The LA Times did an article on Rick Perry's past efforts at transportation infrastructure improvements in Texas, including HSR.

Edit: fixed link


----------



## johnny.menhennet (Nov 21, 2011)

link doesn't connect... sounds interesting though


----------



## bobnabq (Nov 22, 2011)

leemell said:


> The LA Times did an article on Rick Perry's past efforts at transportation infrastructure improvements in Texas, including HSR.


I've given Rick Perry a lot of thought and I'd like to say........................................Ooooops_ ~ forgot_ !


----------



## Gratt (Nov 22, 2011)

leemell said:


> The LA Times did an article on Rick Perry's past efforts at transportation infrastructure improvements in Texas, including HSR.
> 
> Edit: fixed link



Rick Perry's Trans Texas Corridor had little to do with HSR. From a transportation perspective it was an unmitigated disaster, and it was killed because our governor is a blithering idiot as this article clearly showed.

the corridor theoretically would have included rail but I doubt if it would ever see any passengers as the line avoided going any where near major cities.

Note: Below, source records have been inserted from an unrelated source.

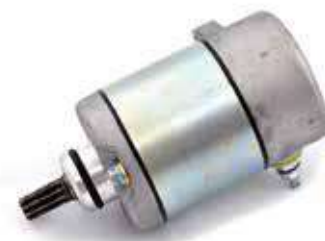
17.81038 motorino 12V - rotazione sx - 9 denti
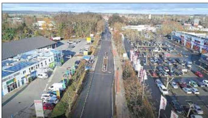
Die Baumaßnahme fand im Rahmen des Projektes „GUB-E-BUS – gemeinsame grenzüberschreitende Mobilität in der Eurostadt Guben-Gubin“ statt.
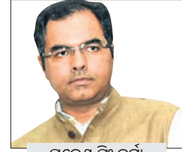
ପ୍ରଦେଶ ସିଂ ବର୍ମା
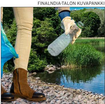
Töölönlahden ympäristöä siivotaan roskista.

Töölönlahti on kaupungin keskeisin ulkoilupaikka, joten alueen
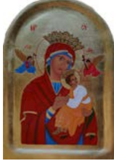
Matka Boska Nieustającej Pomocy. Ikona na desce lipowej ok. 29x42x3 cm
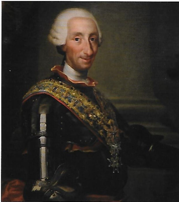
Retrato de Carlos III.

entusiastas, les daban la bienvenida. Con el fin de cumplimentar a los soberanos, el aspecto de la capital hubo de mejorarse. Así, de los balcones pendían colgaduras y aquí y allá se habían colocado paneles decorados y banderolas. Como el Palacio Real se encontraba aún en obras, se dirigieron a la Puerta del Sol por la calle de Alcalá. Desde allí se trasladaron a la iglesia de Santa María de la Almudena, donde se celebró un Te Deum . Tras ello los monarcas tomaron el camino de regreso al punto de partida, pasando antes por la Plaza Mayor y por la Carrera de San Jerónimo.
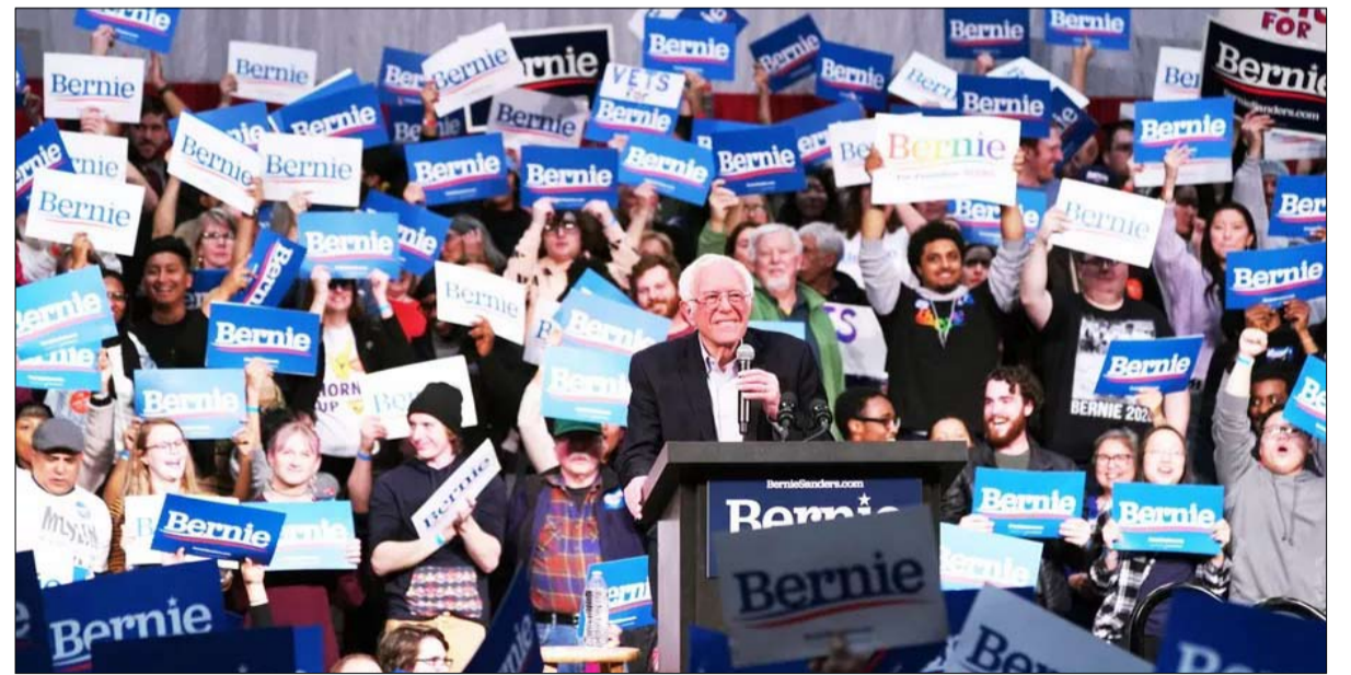
ساندرز أكثر اتقانا للتواصل الافتراضي
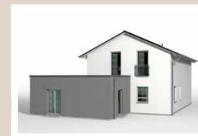
ECKBAUTEIL mit Flachdach, 7,94 x 5,54 m
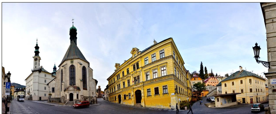
Východná strana Radničného námestia v Banskej Štiavnici s hlavnou budovou SBA
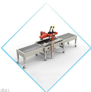
نقاله‌های یک متری

It was also designed to discourage local use as much as possible by making on and off ramps as infrequent as possible. Basically it was a high capacity freight and shipping route.

It was killed basically because the local population would have all the negative impacts of such a large freeway going through their area without any of the positive impacts.

This ladies and gentlemen is what happens when you give a bunch of Aggies some power.


----------



## afigg (Nov 22, 2011)

Gratt said:


> Rick Perry's Trans Texas Corridor had little to do with HSR. From a transportation perspective it was an unmitigated disaster, and it was killed because our governor is a blithering idiot as this article clearly showed.


I think Gov. Perry showed that when it was time for his close-up inspection in the Presidential campaign. Seriously unprepared to run for a national office.

HSR in Texas will someday happen. It will take a more capable and forward looking Governor to help make it happen with all the other political and business community elements that will have to fall in place.


----------